Habe auch ein Problem mit BLASC seit 3 Tagen werden meine Spielzeiten nicht mehr aktualisiert, weiterhin blinkt BLASC immer rot, selbst nachdem ich das Spiel beendet habe noch stundenlang. Betrifft alle aktuellen spiele die ich starte (HDRO, Battleforge, Left 4 Dead....)


----------



## Vestina (29. August 2009)

Geht mir momentan ähnlich. Ich habe vor kurzem einen neuen Char (Nàdjá) auf Garrosh angefangen. Nachdem ich den Blasc-Clienten einmal komplett neu installiert hatte, wurde der Char auch hochgeladen und auch mein Schami auf Ambossar wurde aktualisiert. Seit dem passiert leider nichts mehr.

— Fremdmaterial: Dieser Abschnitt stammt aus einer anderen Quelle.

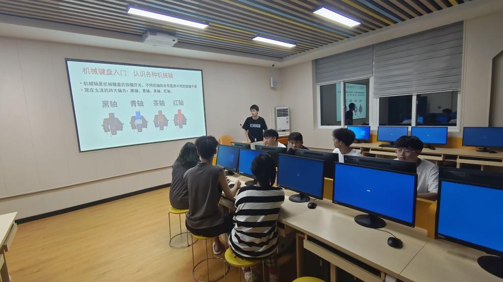 计算机协会于5月11日在实训三403开展了本学期计算机协会社团指导活动,本期指导内容先后围绕机械键盘的成色,材质,机械轴,键帽技术等进行。机械键盘每个按键都由独立的开关(又称“轴”)控制闭合,按键音量大,灵敏度高,适于游戏、办公等场景。根据“轴”的种类划分为黑轴机械键盘、红轴机械键盘、青轴机械键盘、茶轴机械以及白轴机械键盘五类机械键盘,促使本系同学进一步提高对机械键盘的了解,为同学普及机械键盘知识。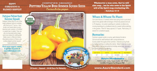 Azure Husbandry Pattypan Yellow Bush Summer Squash Seed, Organic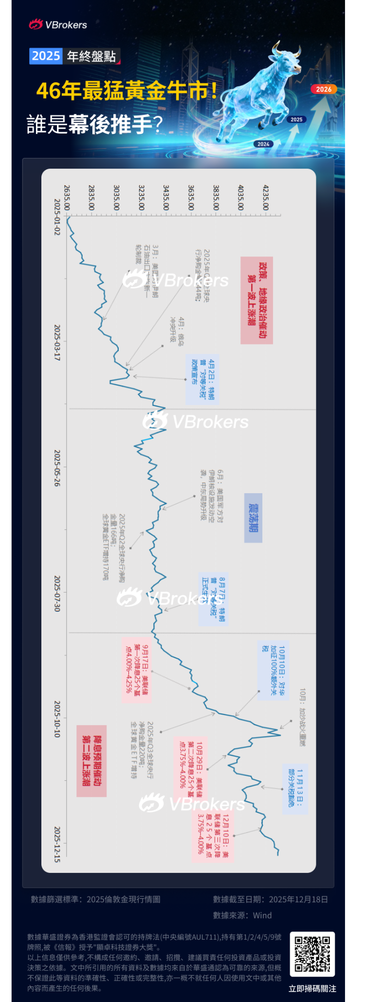2025年,美联储在9月、10月和12月连续三次降息,累计下调利率75个基点。降息直接压低了持有黄金(不生息资产)的“机会成本”。特别是在9月首次降息落地后,金价应声大涨18%,直接冲上10月末的历史新高。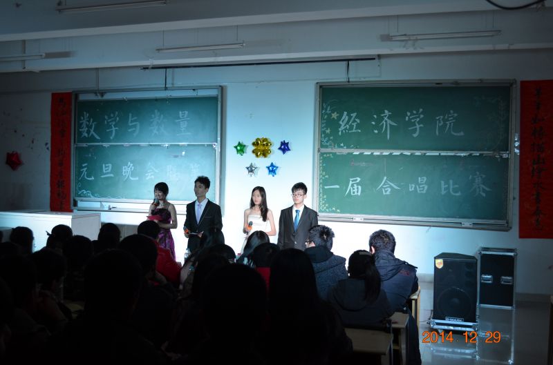 12月29日晚,,数学与数量经济学院于圣井校区B5201举办了第一届合唱比赛暨元旦晚会。学院2014级全体学生以班级为单位组建的6支团队参加了合唱比赛。赵连幸书记、燕文静老师与同学们一起观看了晚会。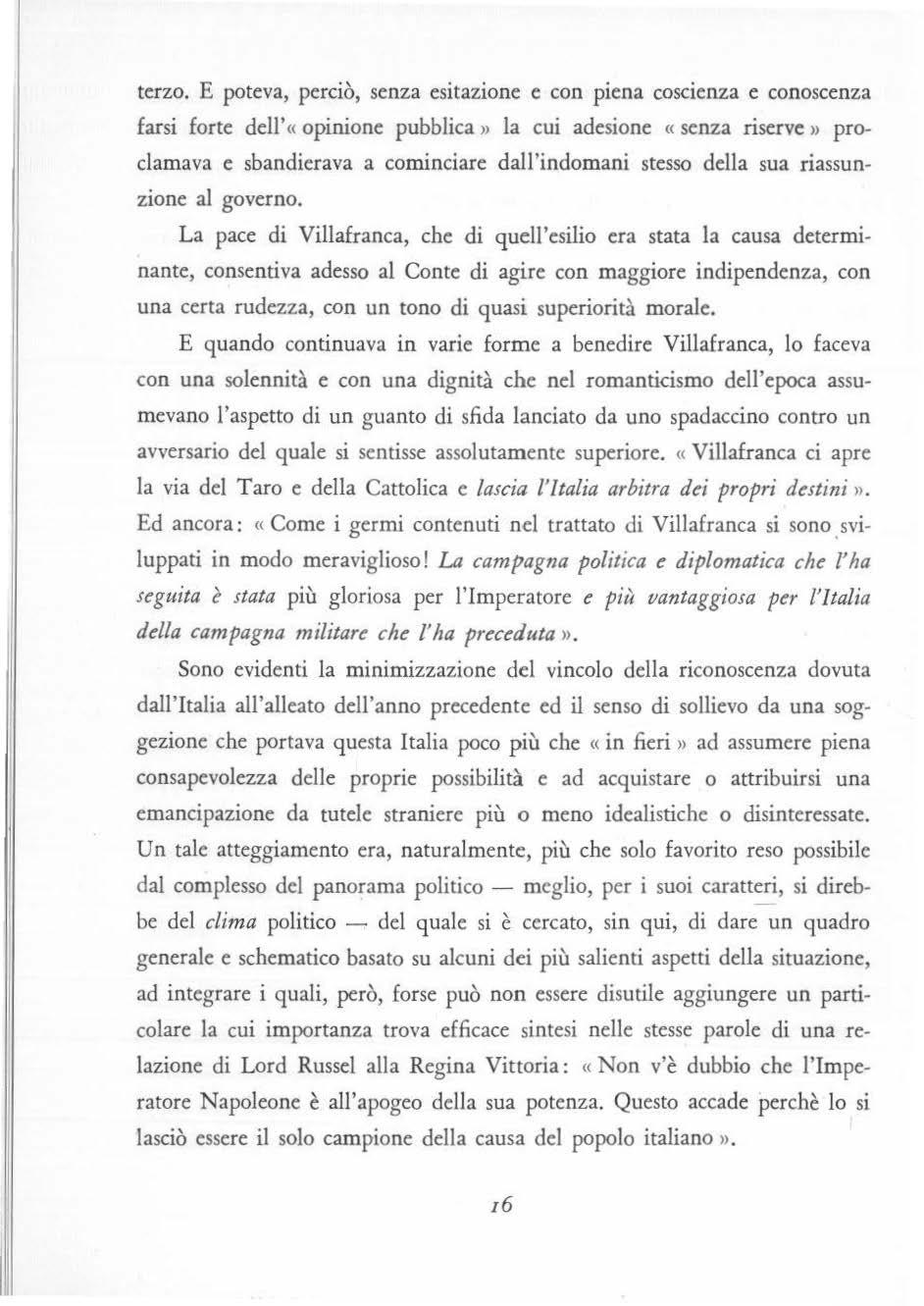 Il 25 gennaio il Conte di Cavour, da soli cinque giorni tornato al potere, scriveva al Principe Napoleone: << • • • benedetta sia la pace di Villafranca ! « Senza di essa la questione romana, la più importante di tutte non solamente per l'Italia ma per la Francia e l'Europa, non avrebbe potuto ricevere una soluzione completa, sanzionata senza riserve dall'opinione pubblica » .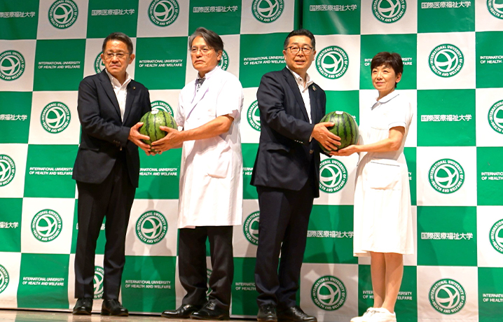 5月21日、富里市と富里市農業協同組合(JA富里市)様から、富里市の特産品であるスイカ(春のだんらん)を寄贈いただきました。2020年の開院以来4回目となります。当院を代表して、吉野病院長と伊藤看護部長が、ずっしりと重い立派な富里スイカをいただきました。

Erwähnenswert wäre vielleicht noch, das das Uploadfenster mit dem Ladebalken und in dem die Dateien zum Upload kurz ausgegeben werden, beim ersten Mal nach der Neuinstallation ein etwas anders Design hatte. Wobei ich den Skin nicht gewechselt hatte.

Es würde mich mal interessieren, ob die Dtaen noch im Server hängen und auf ihre Verarbeitung warten oder ob das Problem vielleicht woanders zu suchen ist.

*Nachtrag (19:49 Uhr)*
Jetzt wird's kurios. Heute nachmittag habe ich mit meinem Schami weiter gespielt. Dieser wurde korrekt updated (von Stufe 61 auf 63). Meine Blutelf-Paladina (Link siehe oben) auf Garrosh steht aber immer noch auf Stufe 6. Tatsächlich ist sie aber schon auf Stufe 13 (siehe Nàdjá @ WoW-Arsenal). Dieser Charakter hat bei buffed.de im Profil die gleichen Einstellungen, wie allle anderen auch: alles ist "Für alle sichtbar".

Wieso funzt also nur dieser eine Char nicht?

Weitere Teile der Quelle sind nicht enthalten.